As a next step, test the coarse IVF index with a single $k=100$ query by executing the code in the cell below.

In [None]:
k=100
%time dist, I = index_IVF.search(sift1m_numpy_test[0,:].reshape(1,D), k)

NNs_IVF = pd.DataFrame({'Neighbor':I[0], 'Distance':dist[0]})
print(NNs_IVF.head(20))

The next question is who good is this nearest neighbor approximation. To find out, the code in the cell below computes the [**recall**](https://developers.google.com/machine-learning/crash-course/classification/accuracy-precision-recall) at several numbers of nearest neighbors, with respect to the ground truth found by the exact flat index search.

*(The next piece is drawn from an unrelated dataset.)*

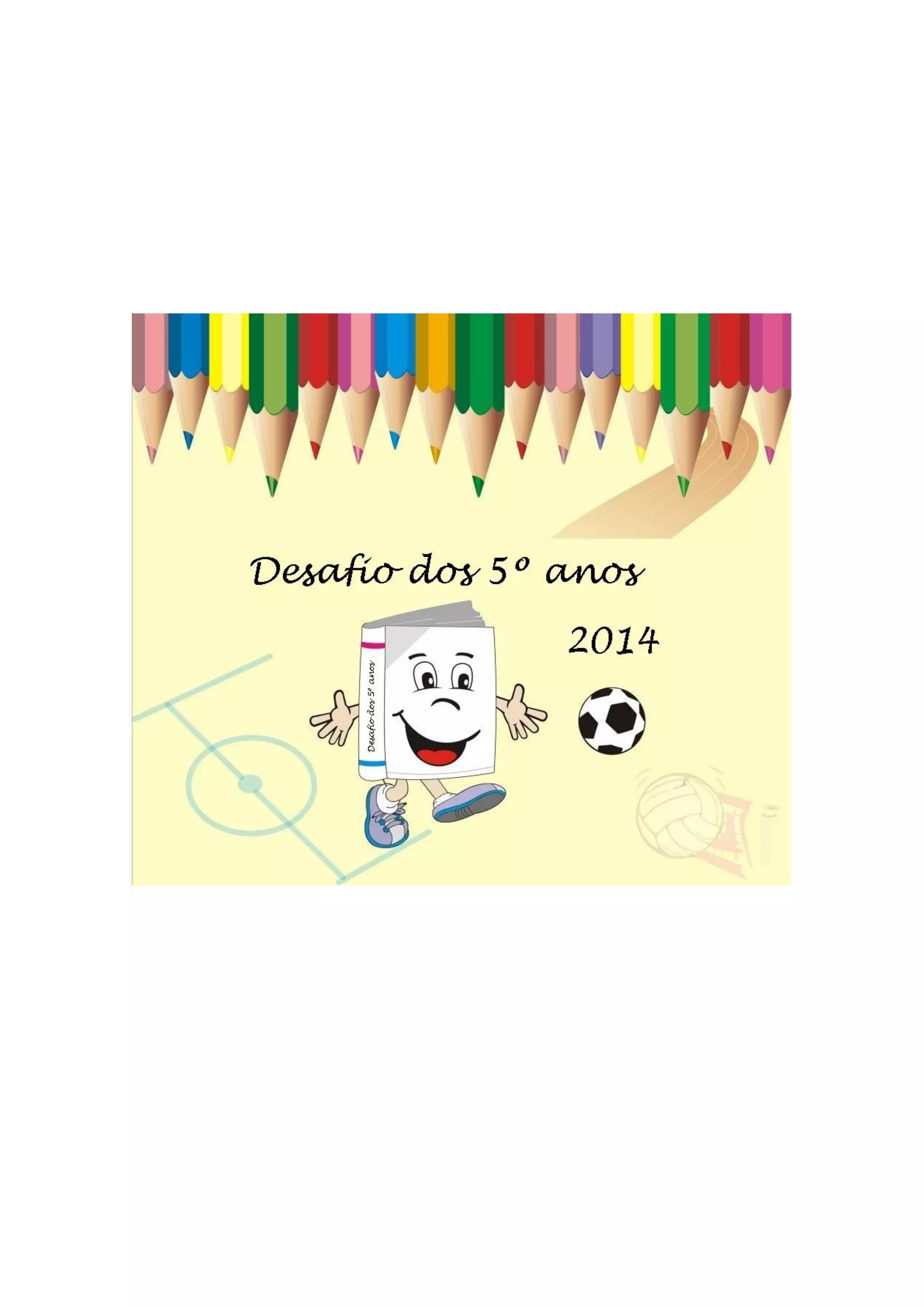 O documento descreve o cronograma de dois desafios esportivos para alunos do 5o ano: futsal e tênis de mesa. No desafio de futsal, as equipes dos 5os anos jogarão entre si em partidas masculinas e femininas. No desafio de tênis de mesa, os alunos estão divididos em chaves por gênero e disputarão partidas individuais durante a manhã e tarde, com os vencedores se enfrentando ao final. A equipe ou aluno que vencer mais partidas será declarado campeão.

With recall defined as:

$$recall = \frac{Number\ correctly\ identified\ neighbors}{Number\ true\ nearest\ neighbors}$$    

Execute the code in the cell below and examine the results.

In [None]:
def compute_recall(NN1, NN2, at=[1, 2, 10, 20, 100]):
  out = []
  for k in at:
    recall = sum([1 for i in NN1[:k] if i in NN2[:k]])/k
    out.append(recall)
  return pd.DataFrame({'at k':at, 'Recall':out})

compute_recall(list(NNs_IVF.Neighbor), list(NNs.Neighbor))

These recall statistics might be adequate for some purposes, but can be improved.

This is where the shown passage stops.